A midi le tribunal entre en séance.
L’huissier fait appel des témoins.
Parmi ceux à décharge, on entend les noms de deux magistrats du tribunal de Ruffec : MM. Minaud, juge et Guillaud Debroux, juge suppléant, et de M. Beguier maire de Pioussay que le curé usant de malice cousue de fil roux à tenu à faire assigner.
Je passerais rapidement sur les dépositions de tous ; 4 contraventions seulement d’exercice illégal ont été relevés.
C’est d’abord le témoin Larue qui vient déposer, qu’atteint d’une gastrite, il est allé voir M. le curé qui lui a ordonné de manger de 4 heures en 4 heures, de boire du bouillon et de la tisane d’orge, et de se faire des applications d’eau chaude sur l’estomac. Il ne lui a point offert de l’argent, on ne lui en a point demandé.
La femme Moineau avait sa petite fille qui souffrait de coqueluche. M. le curé lui a conseillé de prendre de l’huile d’amande douce. Elle lui a offert de l’argent, mais M le curé à dit qu’il n’en voulait pas.
Alexandre Gaudin était malade et avait fait appel en vain à toutes les sciences médicales du pays. Il est venu frapper au presbytère de Pioussay et on lui a donné, dit-il , un petit régime, notamment de boire du vin le meilleur qu’il avait.
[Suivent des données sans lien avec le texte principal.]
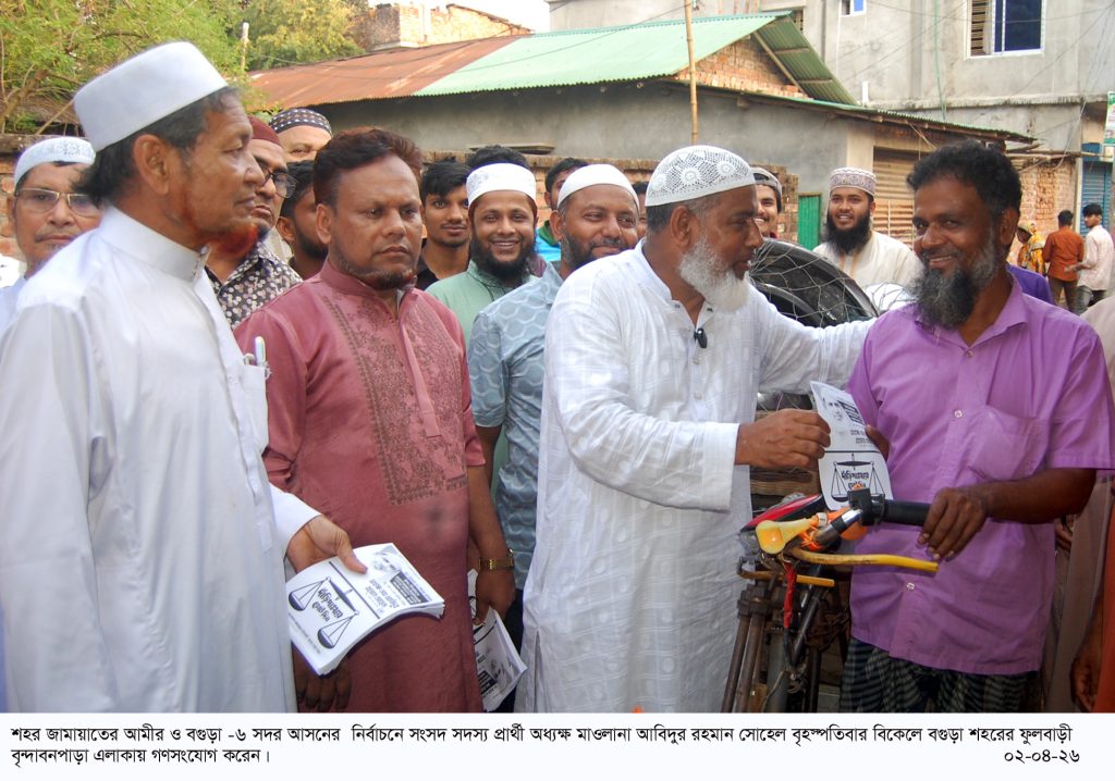 বগুড়ার ফুলবাড়ী ও বৃন্দাবনপাড়ায় সোহেলের দাঁড়িপাল্লায় ভোট চেয়ে গণসংযোগ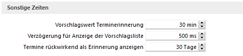 Hinweis: In den Programmeinstellungen kann auf der Seite Zeiten hinterlegt werden, wie lange offene Termin in der Erinnerungsliste angezeigt werden sollen (Standard sind 30 Tage).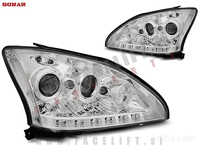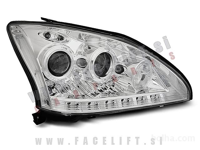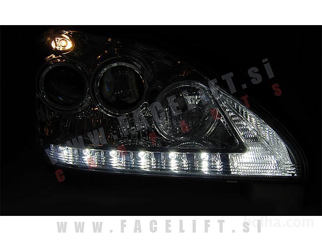 Žarometi z LED pozicijskimi lučmi in lečo. Žarometi so novi, z garancijo. V kompletu prejmete par, levi in desni žaromet.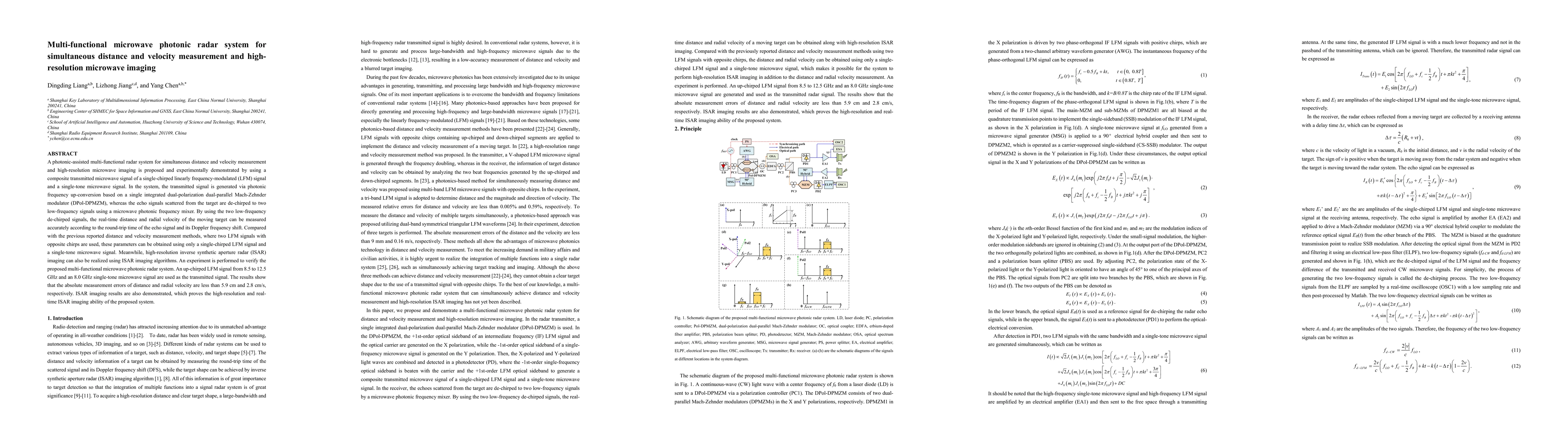 A photonic-assisted multi-functional radar system for simultaneous distance and velocity measurement and high-resolution microwave imaging is proposed and experimentally demonstrated by using a composite transmitted microwave signal of a single-chirped linearly frequency-modulated (LFM) signal and a single-tone microwave signal. In the system, the transmitted signal is generated via photonic frequency up-conversion based on a single integrated dual-polarization dual-parallel Mach-Zehnder modulator (DPol-DPMZM), whereas the echo signals scattered from the target are de-chirped to two low-frequency signals using a microwave photonic frequency mixer. By using the two low-frequency de-chirped signals, the real-time distance and radial velocity of the moving target can be measured accurately according to the round-trip time of the echo signal and its Doppler frequency shift. Compared with the previous reported distance and velocity measurement methods, where two LFM signals with opposite chirps are used, these parameters can be obtained using only a single-chirped LFM signal and a single-tone microwave signal. Meanwhile, high-resolution inverse synthetic aperture radar (ISAR) imaging can also be realized using ISAR imaging algorithms. An experiment is performed to verify the proposed multi-functional microwave photonic radar system. An up-chirped LFM signal from 8.5 to 12.5 GHz and an 8.0 GHz single-tone microwave signal are used as the transmitted signal. The results show that the absolute measurement errors of distance and radial velocity are less than 5.9 cm and 2.8 cm/s, respectively. ISAR imaging results are also demonstrated, which proves the high-resolution and real-time ISAR imaging ability of the proposed system.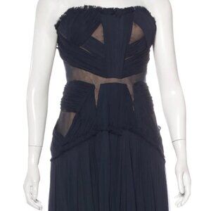 Description: Navy J. Mendel silk strapless gown with pleats throughout, ruched accent at bust, nude underlay, raw-edge trim and concealed zip featuring hook-and-eye closures at back.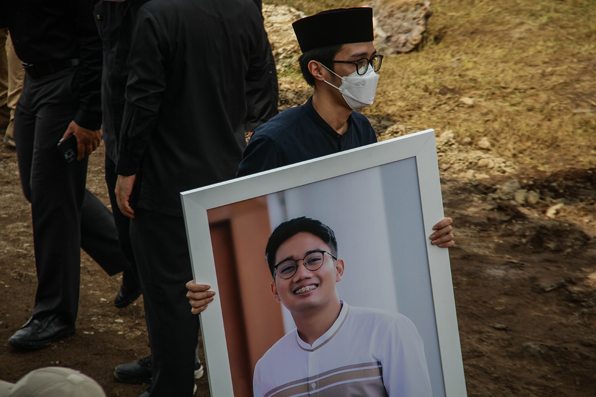 El cuerpo de Emmeril Kahn Mumtadz, el hijo mayor del gobernador de Java Occidental, Ridwan Kamil, fue enterrado junto a la mezquita Al-Mumtadz diseñada por su padre Ridwan Kamil.
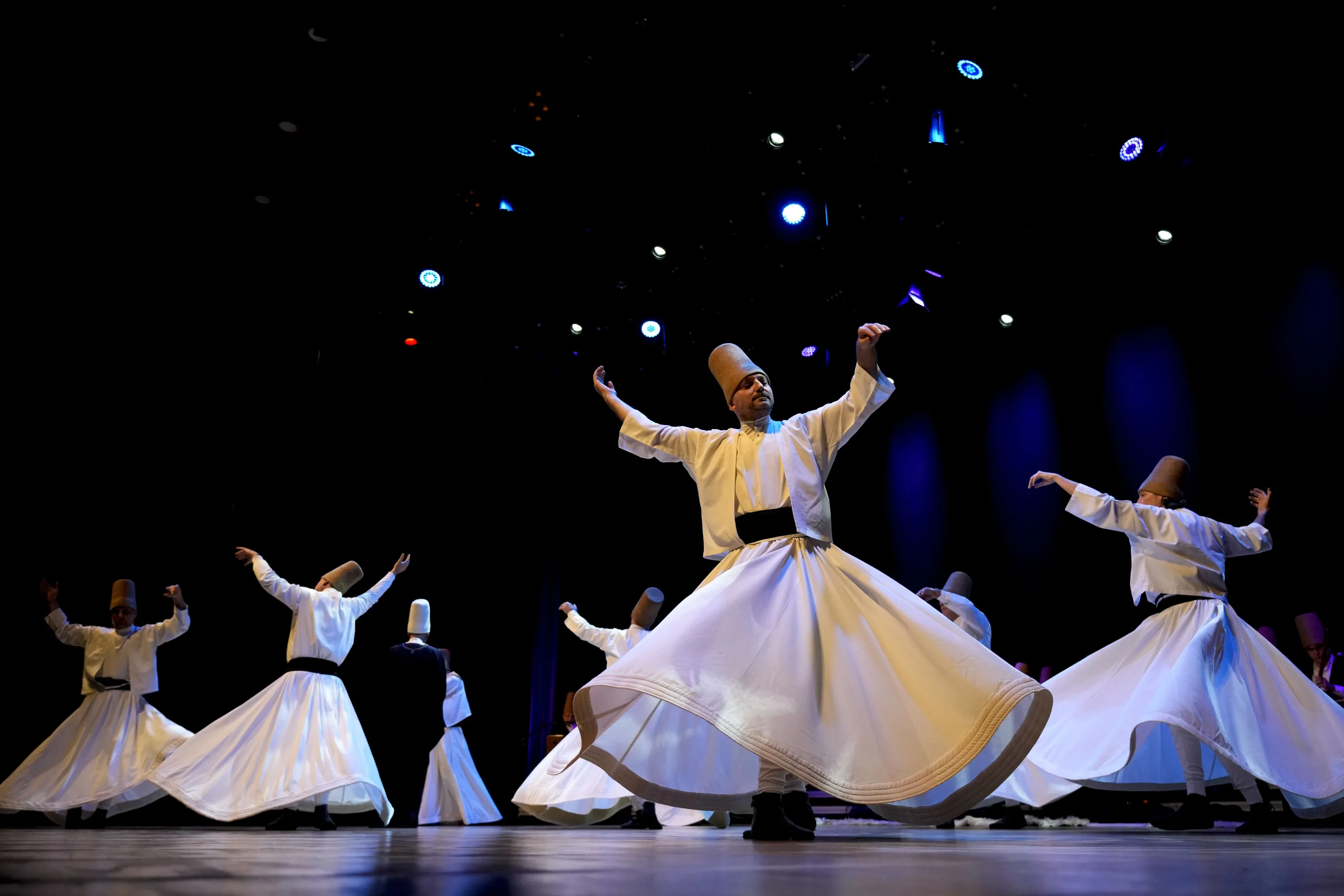 Whirling dervishes of the Mevlevi order perform during a Sheb-i Arus ceremony in Istanbul, Turkey, Sunday, December 17, 2023. (Photo by Emrah Gurel/AP Photo)

Il s’en est trouvé. Je n’ai pas de peine à le croire.
Le quatrième témoin n’était pas malade ; mais ému par tout le bruit qui se faisait autour du nom du curé de Pioussay, il a tenu à le consulter tout de même, sans doute pour l’avenir.
On lui a dit de continuer à bien se porter ; quand à sa fille, un peu souffrante, de bien se nourrir et de boire de la bière.
Brunet avait un panaris. M Granier lui a ordonné de mettre de l’onguent de la mère.
Mélanie Rousselot, il y a sept ou huit ans, a fait venir M. le curé pour donner des soins à son père, dangereusement malade. Les médecins lui avaient donné conseil de garder la chambre. Le curé lui a recommandé de l’exercice, le grand air. Rousselot a suivi ce dernier avis. Au bout de quelques jours, il est tombé pour ne plus se relever.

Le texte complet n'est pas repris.